= John Collins (Canadian politician) =

Canadian politician (1922–2016)

Doctor John Fitzgerald Collins (June 1, 1922 – April 23, 2016) was a Canadian physician and politician in Newfoundland. He represented St. John's South from 1975 to 1989 in the Newfoundland House of Assembly.

He was born in St. John's and was educated at Saint Bonaventure's College, Memorial University, the University of Edinburgh and the University of Toronto. From 1966 to 1969, Collins was head of the cardiology department for the Janeway Children's Health and Rehabilitation Centre. From 1974 to 1979, he was head of the neonatology department of the Grace General Hospital in St. John's. In 1974, Collins became a fellow of the Royal College of Physicians of Edinburgh. He was national chair of the Canadian Medical Association and was president of the Canadian Paediatric Society from 1970 to 1971.

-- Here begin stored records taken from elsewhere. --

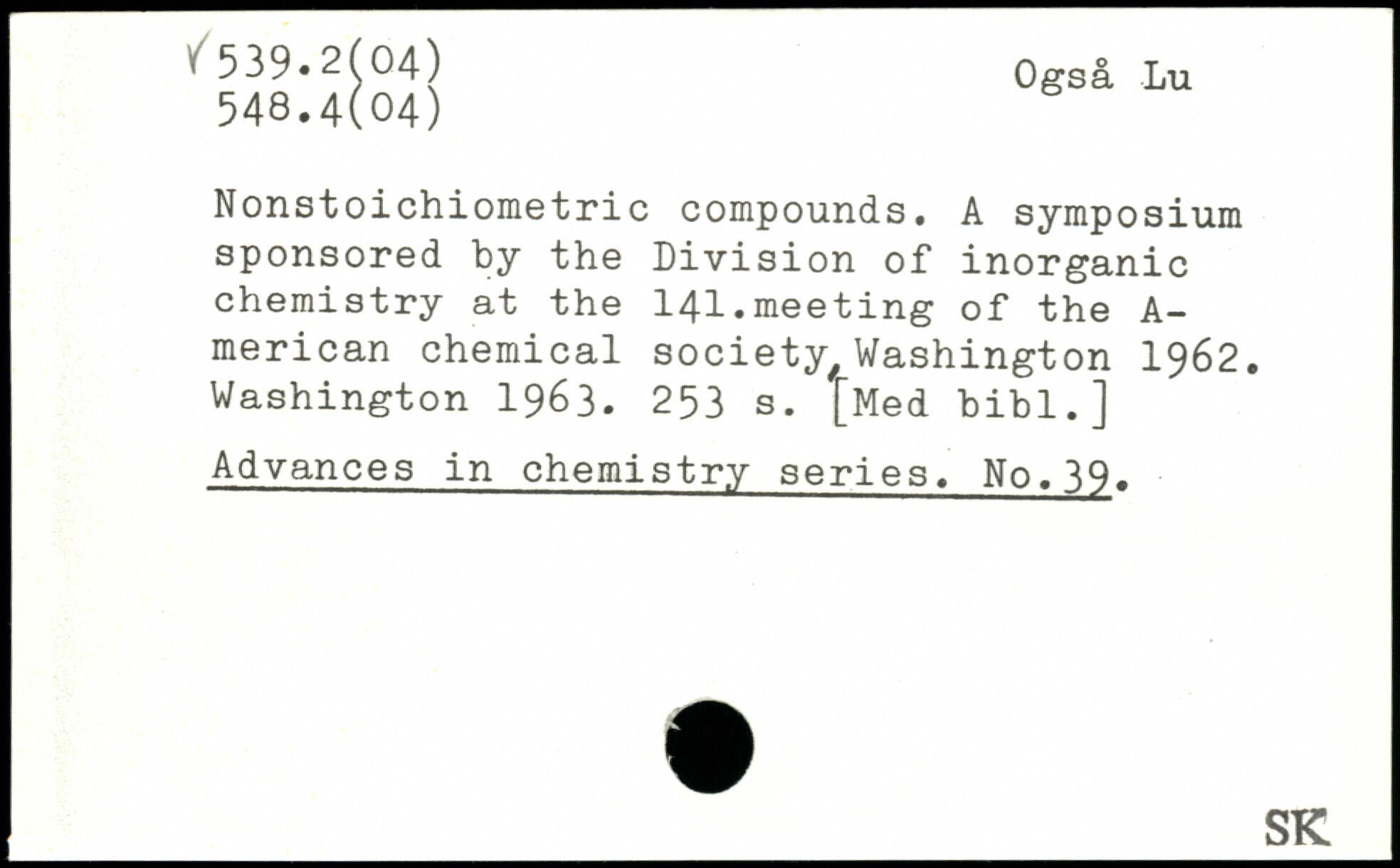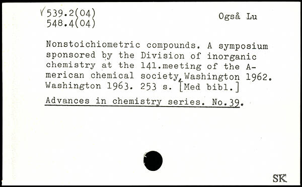 Nonstoichiometric compounds. A symposium sponsored by the Division of inorganic chemistry at the 141.meeting of the A-merican chemical society/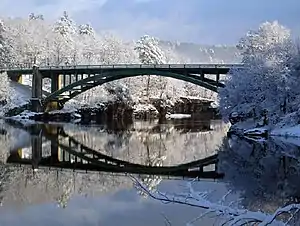 The Narrowsburg–Darbytown Bridge is an arch under bridge spanning the Delaware River between Darbytown, Pennsylvania and Narrowsburg, New York. It carries Pennsylvania Route 652 and New York State Route 52. Narrowsburg is located in the town of Tusten, but the hamlet along the river's edge is known as Narrowsburg because it is the narrowest part of the River.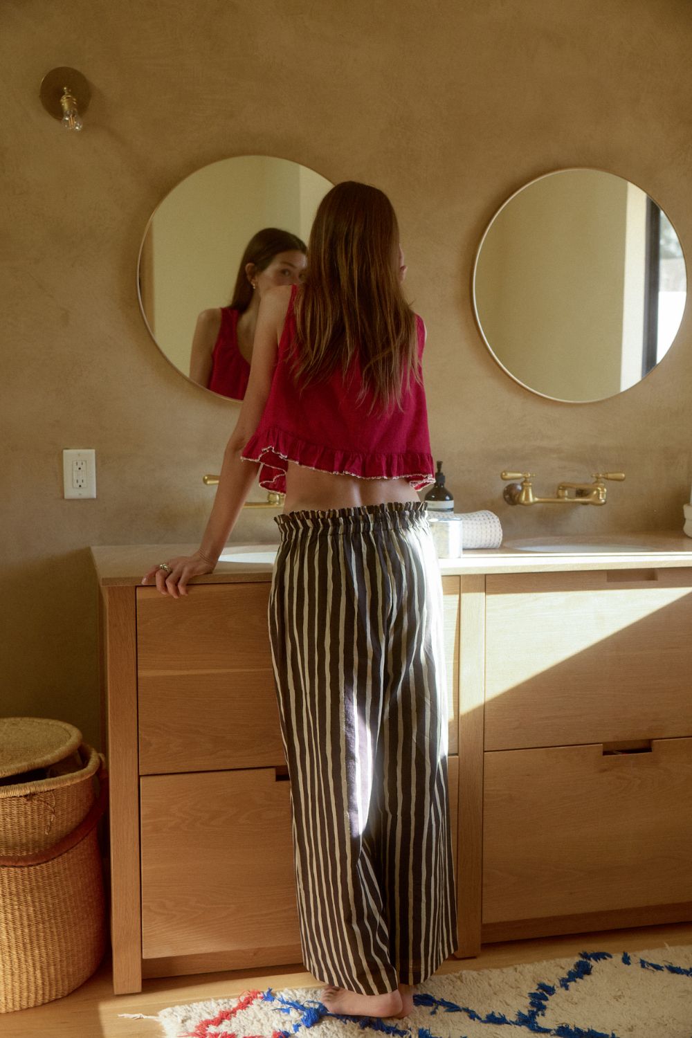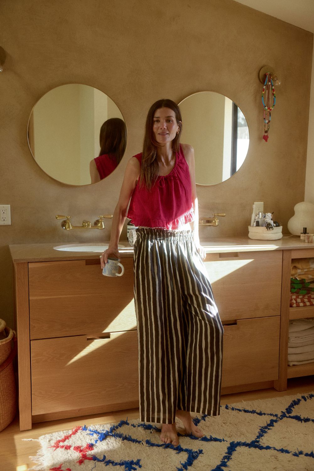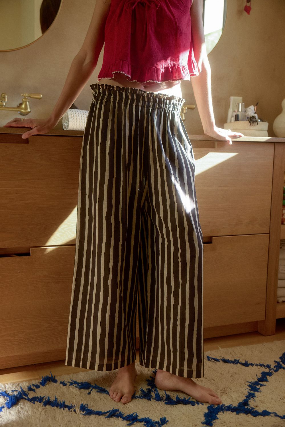 An easy silhouette with graphic rhythm, the Zebra Stroll Pants – Sand reinterpret stripes through a softer, organic lens.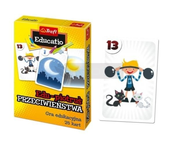 Przeciwieństwa to zestaw 12 par kart przedstawiających obrazki o przeciwnych znaczeniach. Zadaniem dziecka jest wskazanie jak największej liczby takich przeciwieństw. Dzień i noc, puste i pełne – to tylko niektóre z nich.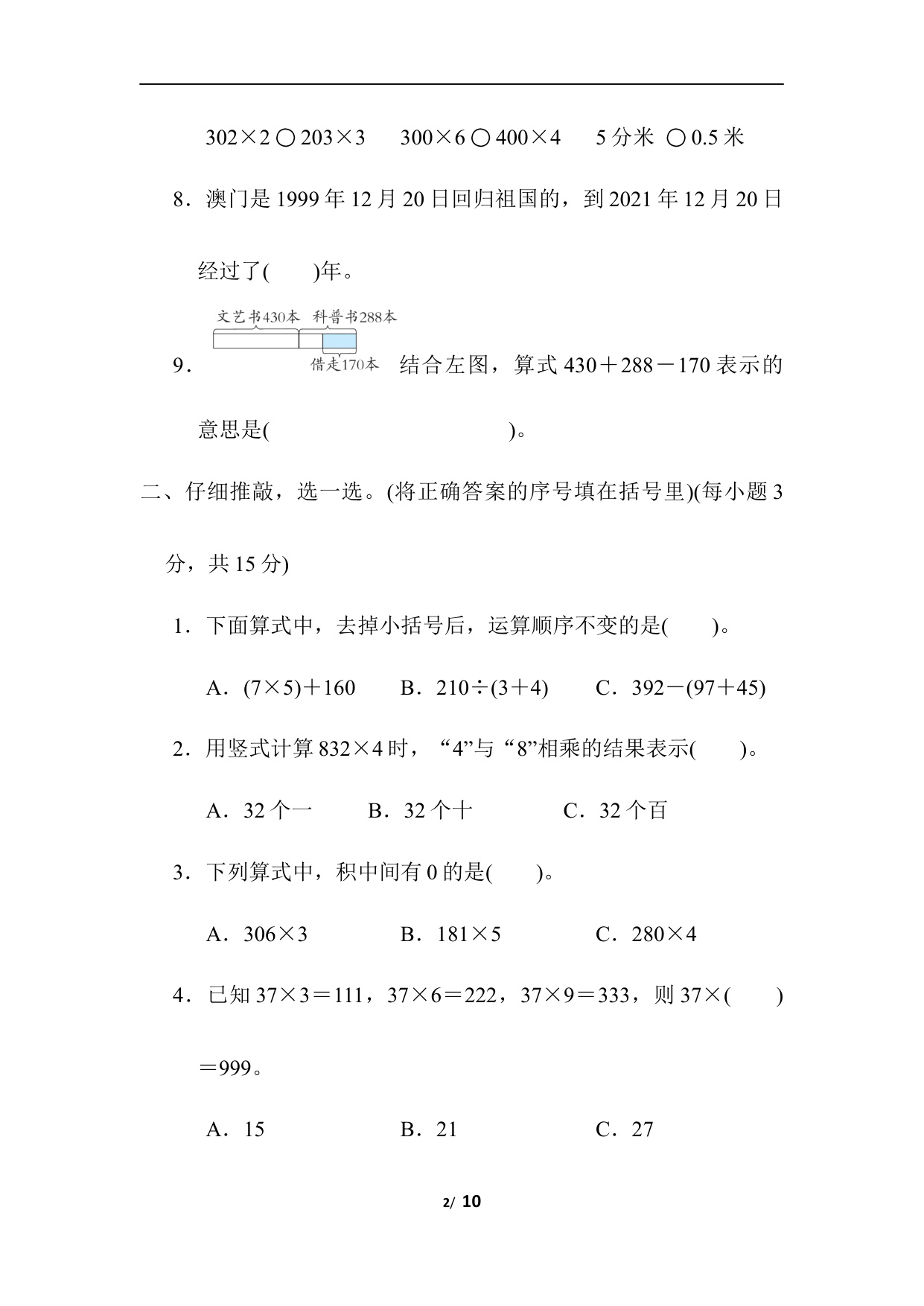 下一篇:小学三年级上册-北师大版数学第二单元测试A卷含答案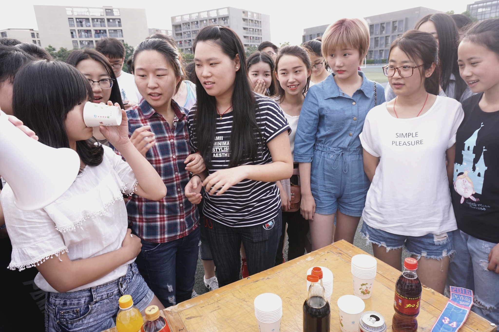 与传统运动会不同,趣味运动会用3个活动项目把娱乐和竞技结合,充分展现同学们团结与合作的能力。已经是下午五点半了,天气还是闷的像个蒸笼一样,但这丝毫没有影响同学们参赛玩耍的热情。随着裁判员的一声令下,“一心同体”羽毛球比赛在体育馆正式展开。各班派出五名参赛同学,要求他们的手都两两被绳索捆在一起并进行羽毛球比赛。比赛形式虽然简单,但队员们之间的平衡力,配合度在此一一展现出来。这个比赛不仅是对团队精神的良好体现,而且兼具了趣味性与互动性。随后,在操场进行的“我爱自拍”环节更是独具趣味性。参赛选手站在热身区随着音乐要舞动起来,两个班的队员们根据音乐停止后要冲向拍摄区摆好规定的动作进行抢镜头拍照,照片中完成指定动作多的班级获胜,比赛场面十分热闹。各队队员在比赛中的捣乱更使比赛充满了娱乐与挑战性。最后,输了的队伍则要接受惩罚,喝下赢了班级亲自调制的由酱油凉茶啤酒等饮料混合而成的“黑暗饮品”。比赛场面虽然看起来很激烈,但大家还是玩得十分尽兴的。“趣味运动会”自始至终体现出了一种集体凝聚力和向心力,一起完成任务,一起玩耍,这才是我系举办这次活动的真正目的。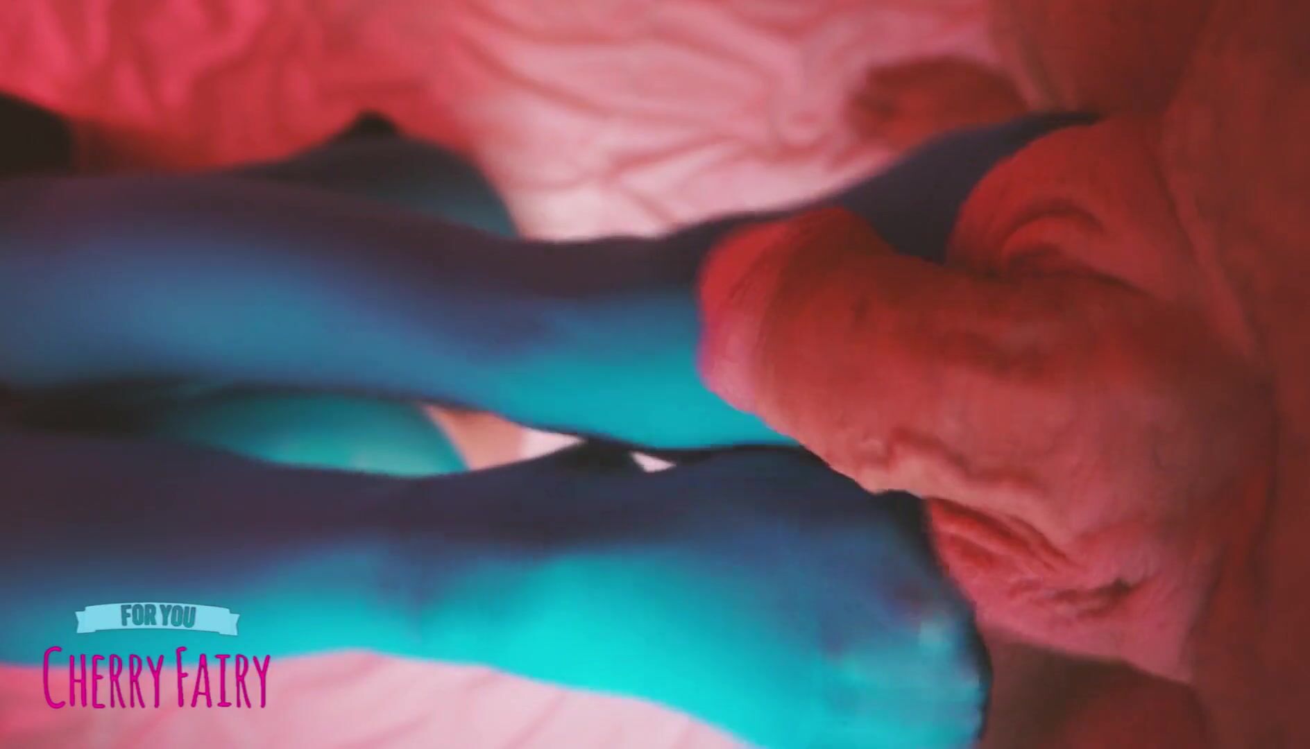 Cherry Fairy _Cumshot On The Little Feet Of A Cute Teen In Blue Ripped Pantyhose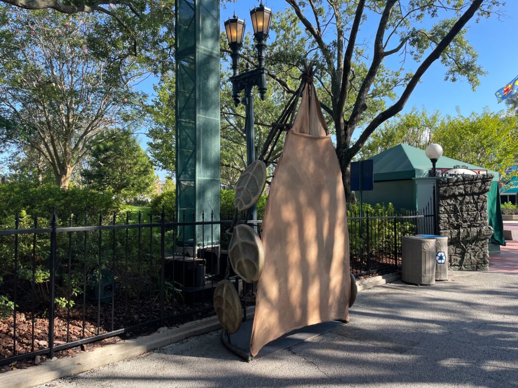 Giant leaf sculptures are on the sides, attached to bent poles, with a brown tarp on the front.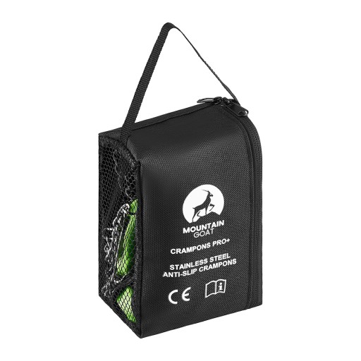 Кожен набір кошок Mountain Goat поставляється з практичним чохлом на блискавці. Чохол з міцного матеріалу захистить вміст вашого рюкзака від пошкоджень корчами. Він оснащений тримачем, за допомогою якого ви можете прикріпити кошики до взуття на зовнішній стороні рюкзака, забезпечуючи легкий доступ, коли вони вам знадобляться, без необхідності шукати вміст рюкзака. Сітчаста сторона допомагає висушити руки та захищає від води талого снігу, що збирається в чохлі.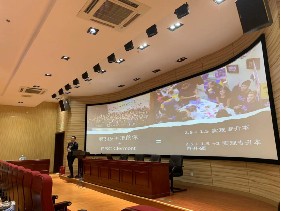 为推进国际交流,提升人才培养质量,近日,外语外贸学院联合数字商贸学院,与合作院校法国克莱蒙高等商学院开展留学与升学专题宣讲会以及后续推进会。宣讲会在2113教室举行,外语外贸学院院长曾恬、书记杨晓霞、数字商贸学院升学与就业指导老师杜双双、法国克莱蒙高等商学院中国地区招生总负责人严威老师、外语外贸学院负责教师及辅导员出席本次宣讲会,2021级、2022级学生积极参与。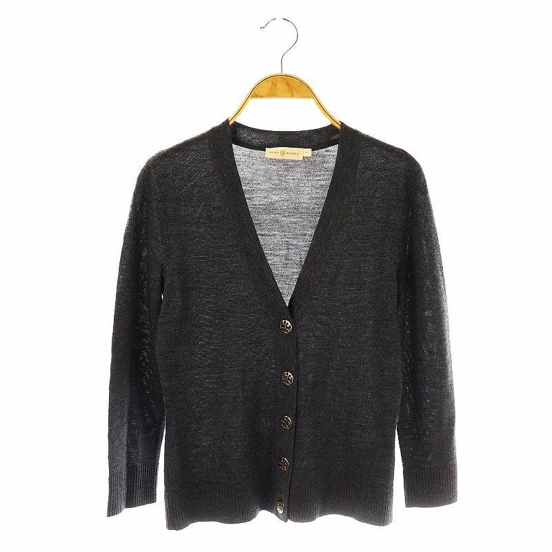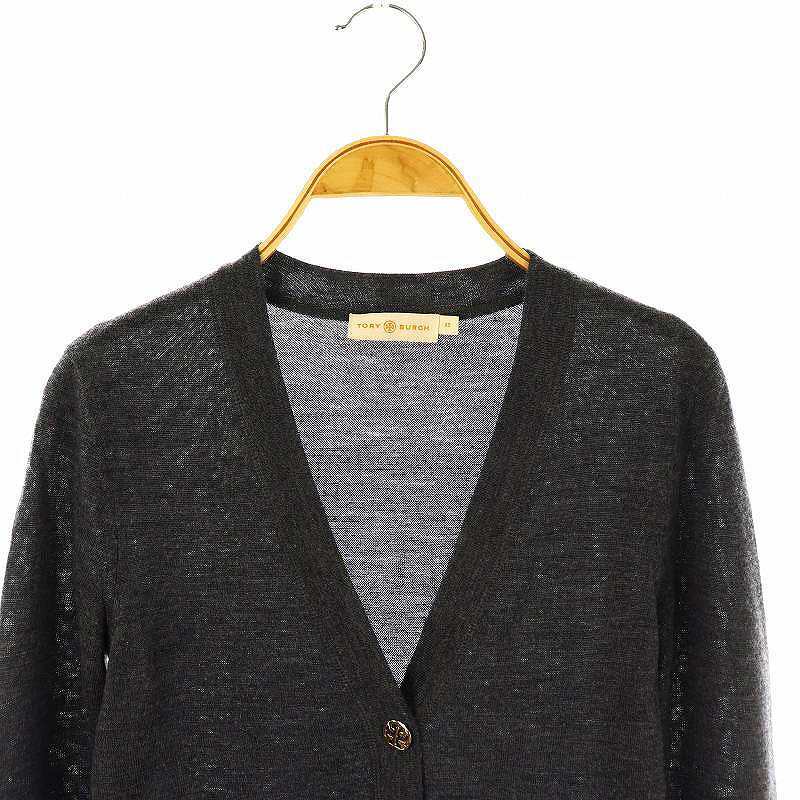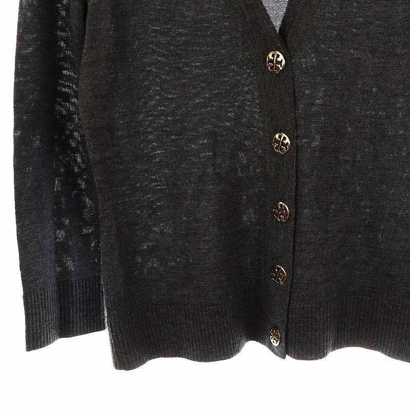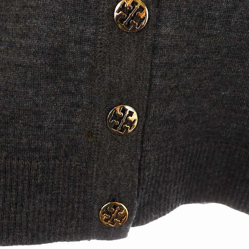 トリーバーチ TORY BURCH ロゴボタン ウール ニット カーディガン Vネック XS グレー /DF ■OS レディース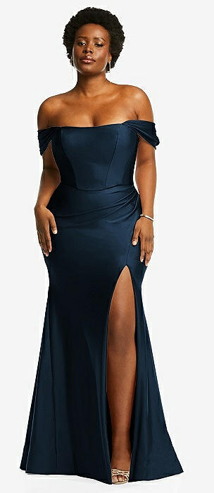 Off-the-Shoulder Corset Stretch Satin Mermaid Dress with Slight Train in midnight navy

He was elected to the Newfoundland assembly in 1975 and was re-elected in 1979, 1982 and 1985. Collins served as deputy speaker. He also served in the provincial cabinet as Minister of Finance, President of the Treasury Board and Minister of Health. Collins was deputy premier from 1988 to 1989. He did not run for reelection in 1989.

Collins was president of the Rotary Club of St. John's and served on the Child Health Commission from 1965 to 1968.